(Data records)
- Opening Delimiter -

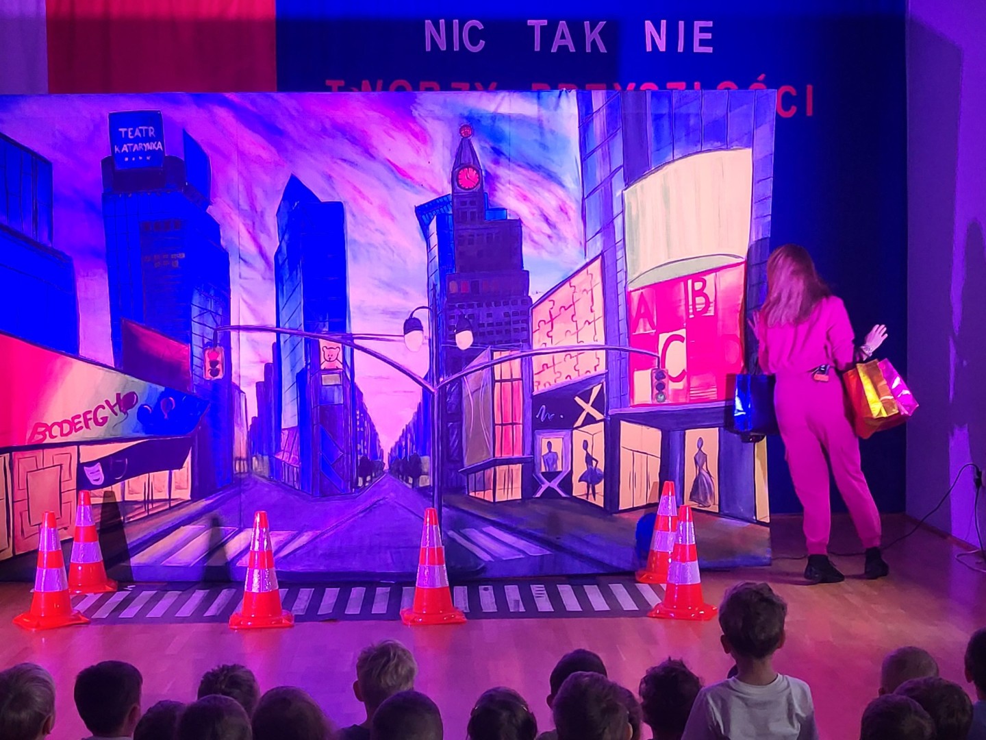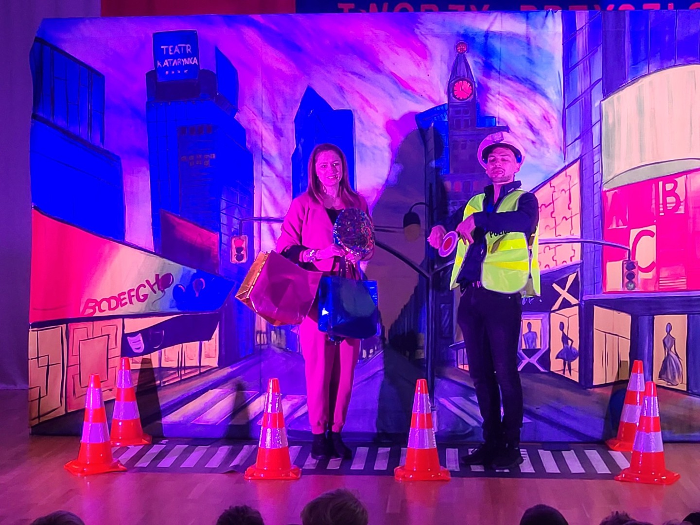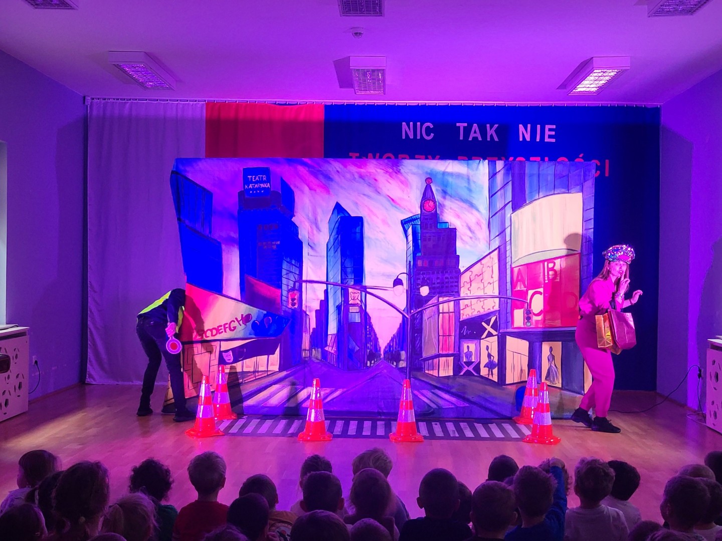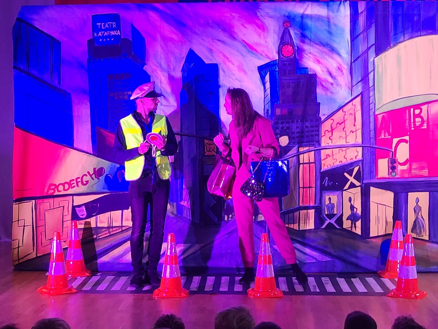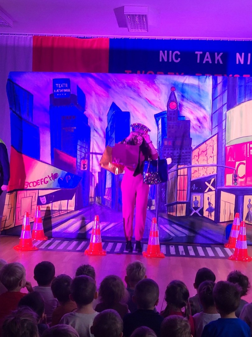 14 .11.2025r gościliśmy w naszym przedszkolu aktorów z Teatru “Katarynka, którzy zaprezentowali nam spektakl edukacyjno-profilaktyczny. Tematem przewodnim przedstawienia było bezpieczeństwo zarówno w ruchu drogowym, jak i podczas zagrożenia pożarem. Dzieci utrwaliły numer alarmowy 112, zobaczyły w akcji strażaka, dowiedziały się jak należy wychodzić z pomieszczenia zadymionego.Pan Policjant wraz z Wiolettą z Wydziału Ruchu Drogowego, nauczyli przedszkolaki jak przechodzić przez ulice. Na przykładzie nierozważnej Łucji i zabawnego kierowcy – Gienia, dzieci zobaczyły  do czego może dojść na ulicy jeśli będziemy nieuważni. Wszystko zostało przedstawione w kabaretowo-musicalowej formie.
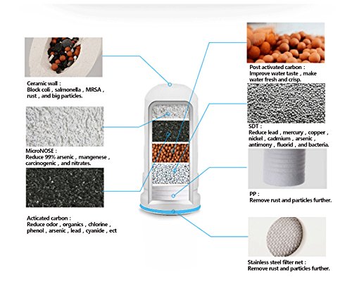 Filtering:Remove rust, sand, dirt and partially reduce chlorine, odor and heavy metals (including arsenic, lead, flouride, chrome, mercury);
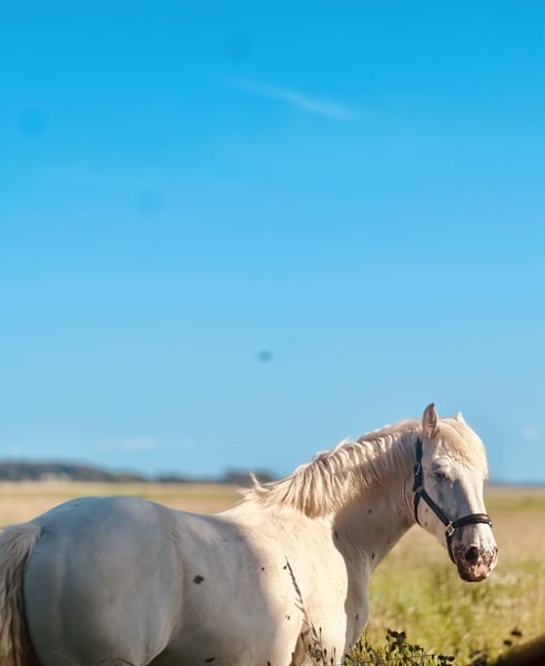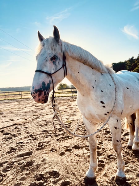 Unser wunderschöner 3-jähriger Wallach namens Joey aus einer Knabstrupper–Noriker-Anpaarung sucht nun seinen Menschen fürs Leben. Mit seiner außergewöhnlichen Erscheinung ist er ein absoluter Blickfang. Er wurde bei uns geboren, liebevoll aufgezogen und durfte in Ruhe zu einem kräftigen und gesundem Jungpferd heranwachsen. Der tägliche Umgang ist ihm natürlich bekannt, da die Pferde bei uns am Haus, als Familienmitglieder aufwachsen. Er ist gut sozialisiert aber auch das alleine sein kennt er. Joey ist bereits vom Boden aus etwas gearbeitet und angeritten. Beim Anreiten zeigte er sich unkompliziert und meisterte dies gut. Er ist grundsätzlich ein selbstbewusstes Pferd. Er sucht daher einen konsequenten Partner mit Herz, der ihm Struktur und Sicherheit bietet und ihn liebevoll weiter fördert. Gesund, kräftig gebaut und robust, ist er derzeit barhuf und wird regelmäßig vom Hufschmied betreut. Durch sein eher ruhiges Wesen eignet er sich hervorragend als zukünftiger Begleiter für gemütliche Ausritte oder Wanderritte, da er die Abwechslung liebt – auf dem Platz fehlt ihm dafür die Motivation. Da er uns natürlich sehr am Herzen liegt, ist dies kein Notverkauf. Wir wünschen uns für ihn ein passendes Zuhause, in dem er wertgeschätzt und gefördert wird. Die Videos sind von Juni diesen Jahres als Joey angeritten wurde. Gerne können sie mir bei Interesse eine WhatsApp schreiben 01782717078
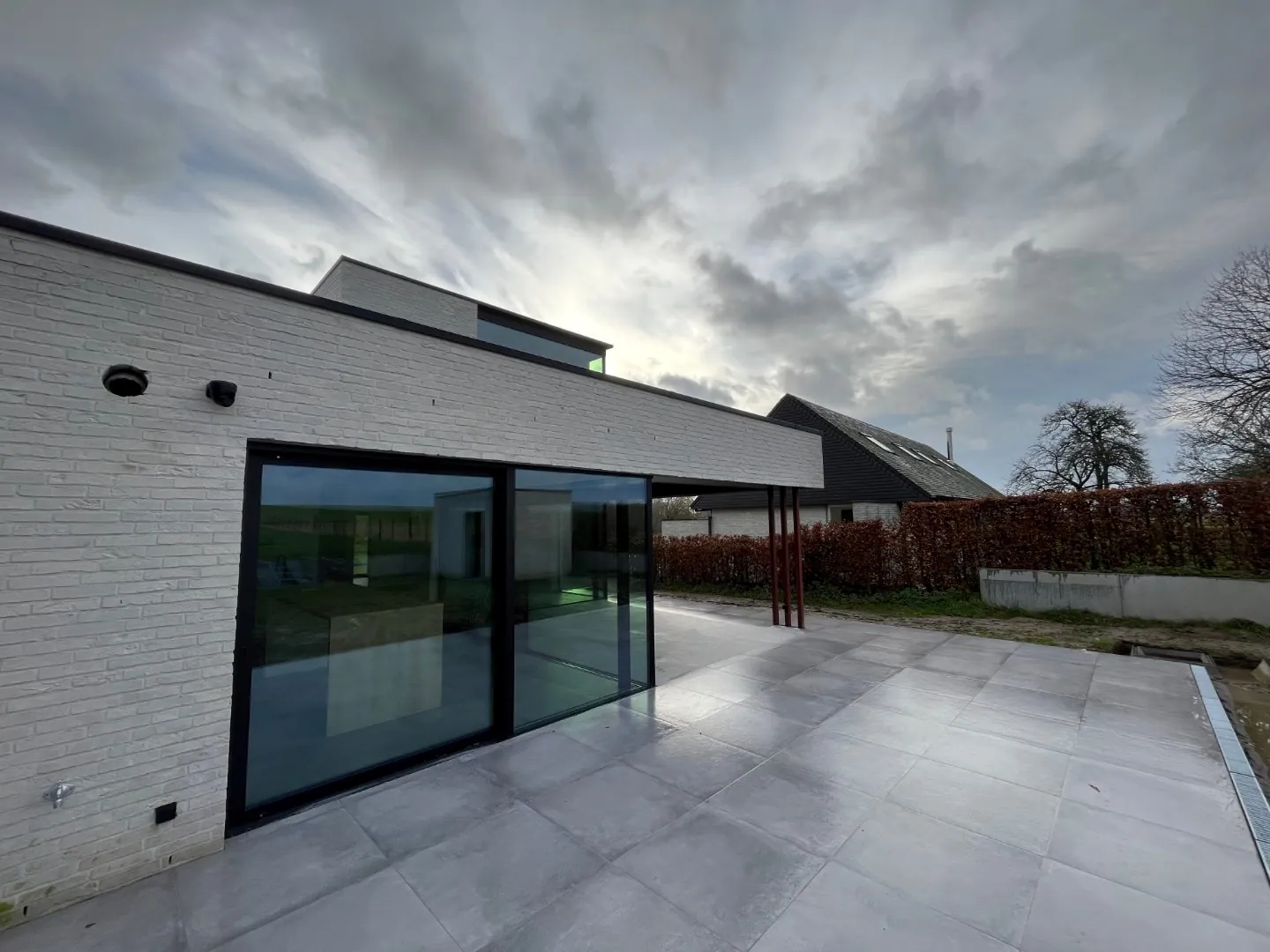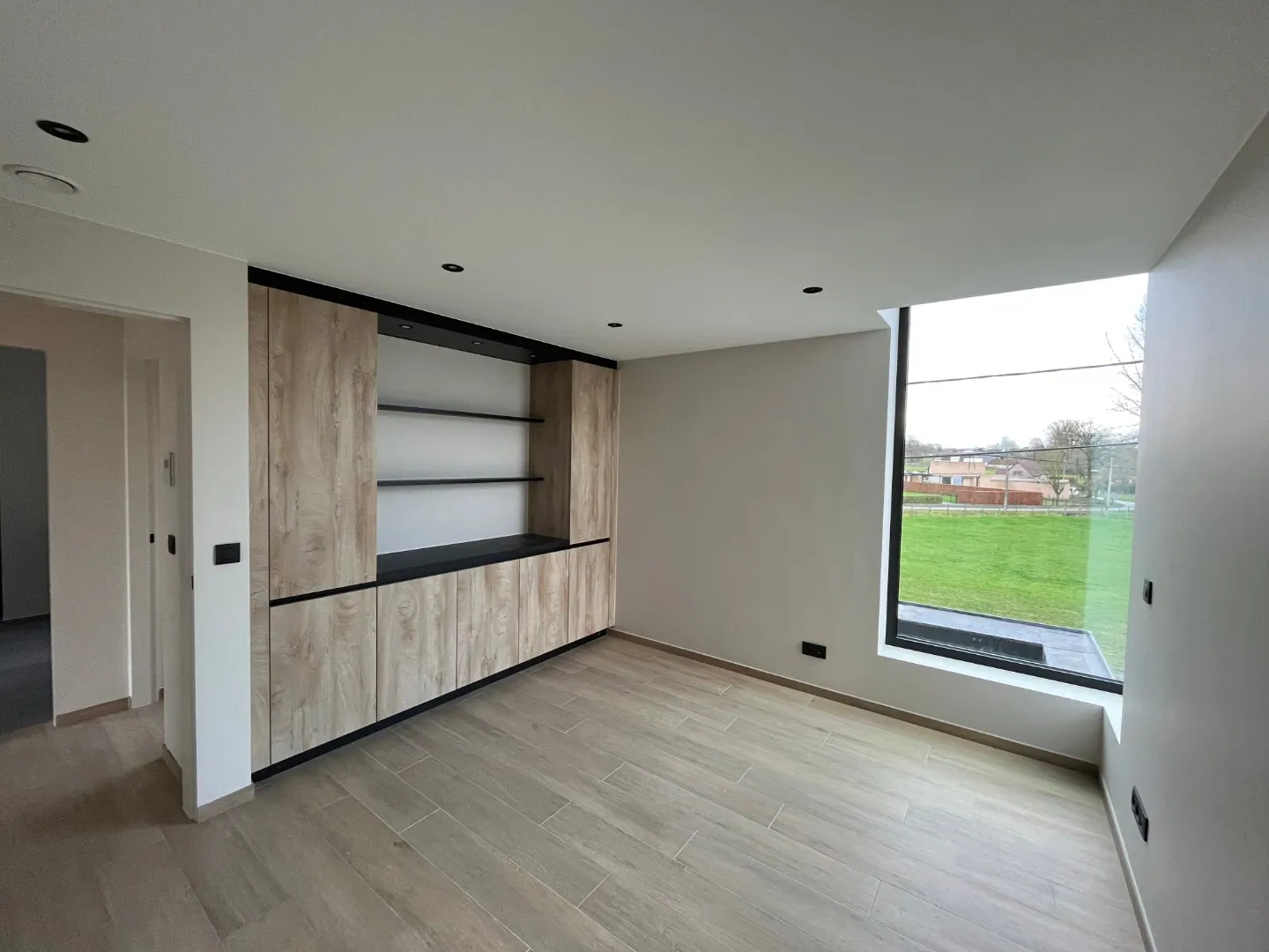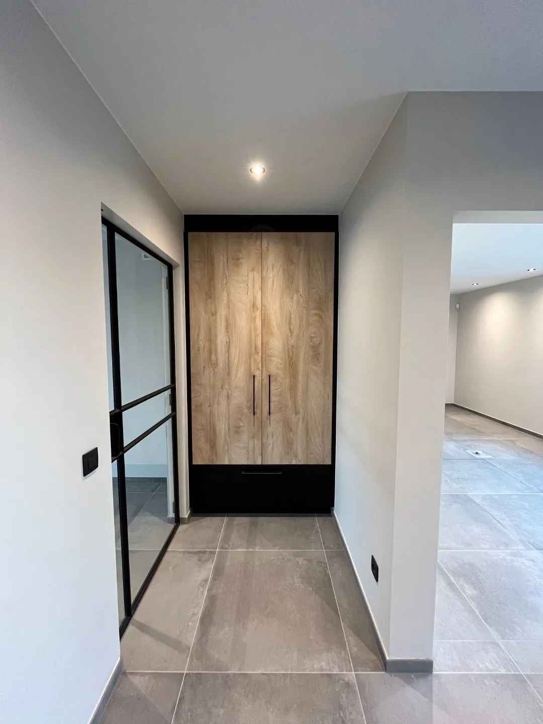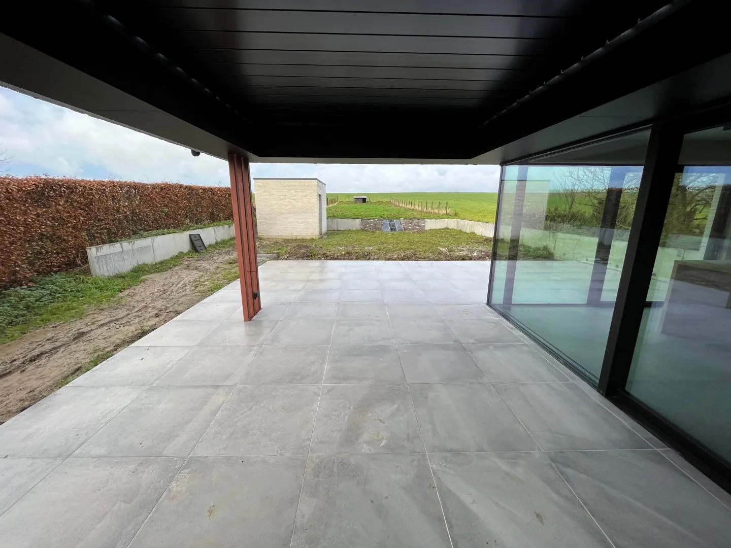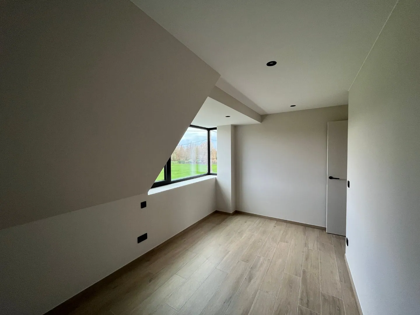 Bij het binnenwandelen komen we in de stijlvolle inkomhal met gastentoilet en vestiairekast terecht. Aansluitend bevindt zich de leefruimte met enorme glaspartijen die uitzicht geven op de groene omgeving. De open keuken werd afgewerkt met hoogwaardige materialen. Naast de keuken vinden we de bijkeuken met koelcel (!) en voorzieningen voor de wasmachine / droogkast terug. Tot slot is het gelijkvloers nog voorzien van een ruimte die zowel als slaapkamer of als bureel kan ingevuld worden; aanpalend is een inloopdouche voorzien.
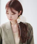 ボリューム感たっぷりで、シンプルなまとめ髪を華やかな印象に。
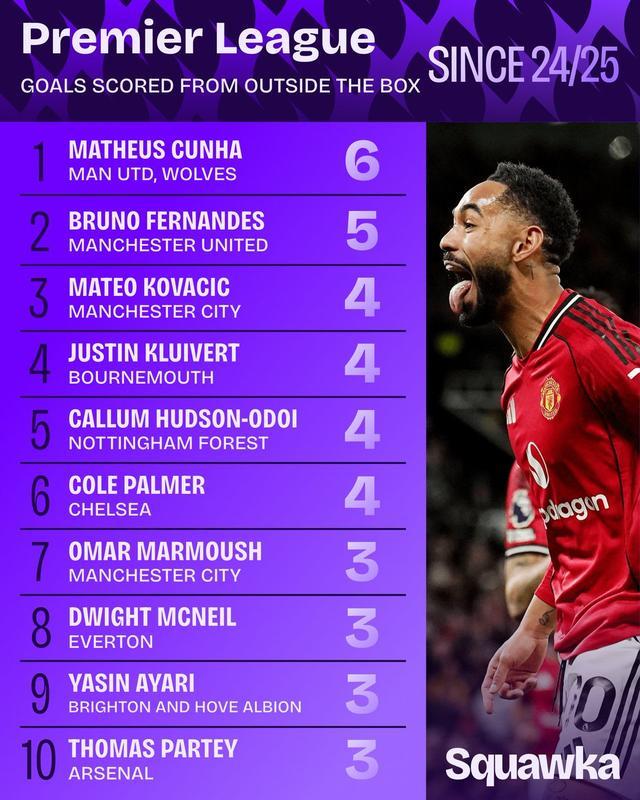 2024/25赛季以来禁区外进球最多球员榜单
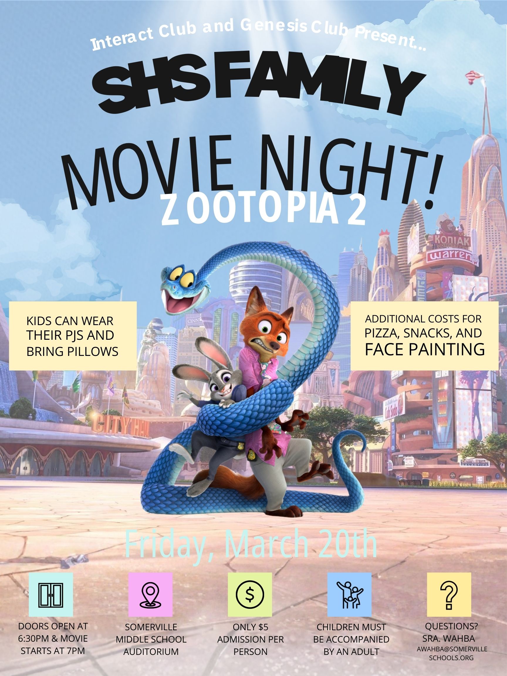The Somerville High School Genesis and Interact Club members will be hosting their Spring Family Community Movie Night on Friday, March 20, 2026, at 7:00 pm in the Somerville Middle School Auditorium again. The movie this year is Zootopia 2! |
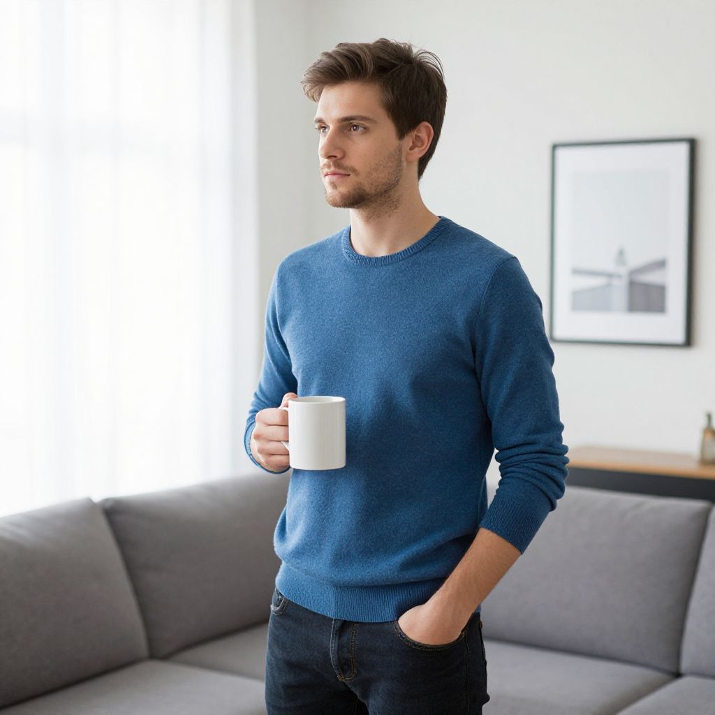 Photograph of a young Caucasian man with short brown hair and light beard, standing in a modern living room. He wears a blue, long-sleeve knit sweater and dark jeans, holding a white mug in his right hand. His left hand is in his pocket. He gazes to the left with a thoughtful expression. The background features a gray sectional sofa and a white wall with a black-framed abstract artwork. Bright natural light streams in from a window on the left, creating a soft, well-lit atmosphere.
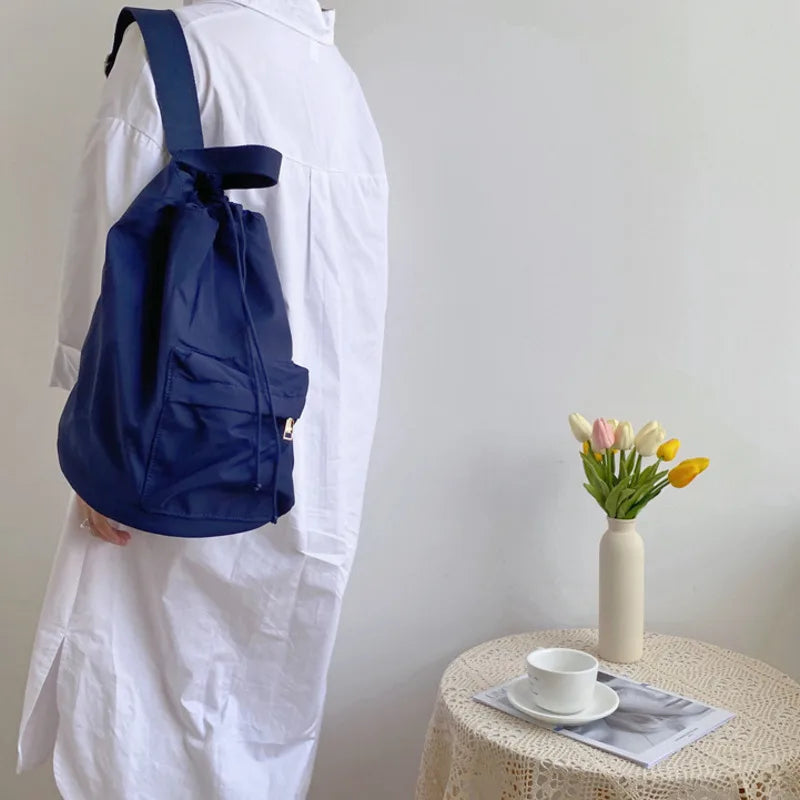 Spring Casual Nylon Bucket Bag Drawstring Shoulder Bag
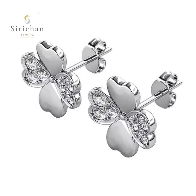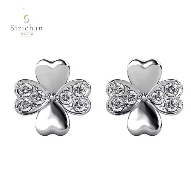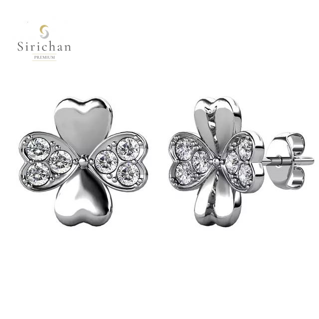 #เครื่องประดับมงคล #ต่างหูใบโคลเวอร์ #ต่างหู Luckly Four Leaf #Swarovski #Nickel Free Lead Free
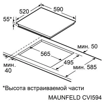 | Ширина варочной поверхности | 590 мм | |
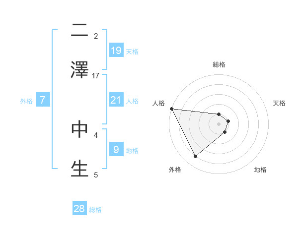 二澤 中生さんの人格は21画の5点!

- Closing Delimiter -

== Work required ==
With the pictures removed from your copy, retype the lines above from the one that contains "Photograph of a" through the one that contains "Spring Casual Nylon", exactly.

== Solution for this exercise ==
 Photograph of a young Caucasian man with short brown hair and light beard, standing in a modern living room. He wears a blue, long-sleeve knit sweater and dark jeans, holding a white mug in his right hand. His left hand is in his pocket. He gazes to the left with a thoughtful expression. The background features a gray sectional sofa and a white wall with a black-framed abstract artwork. Bright natural light streams in from a window on the left, creating a soft, well-lit atmosphere.
 Spring Casual Nylon Bucket Bag Drawstring Shoulder Bag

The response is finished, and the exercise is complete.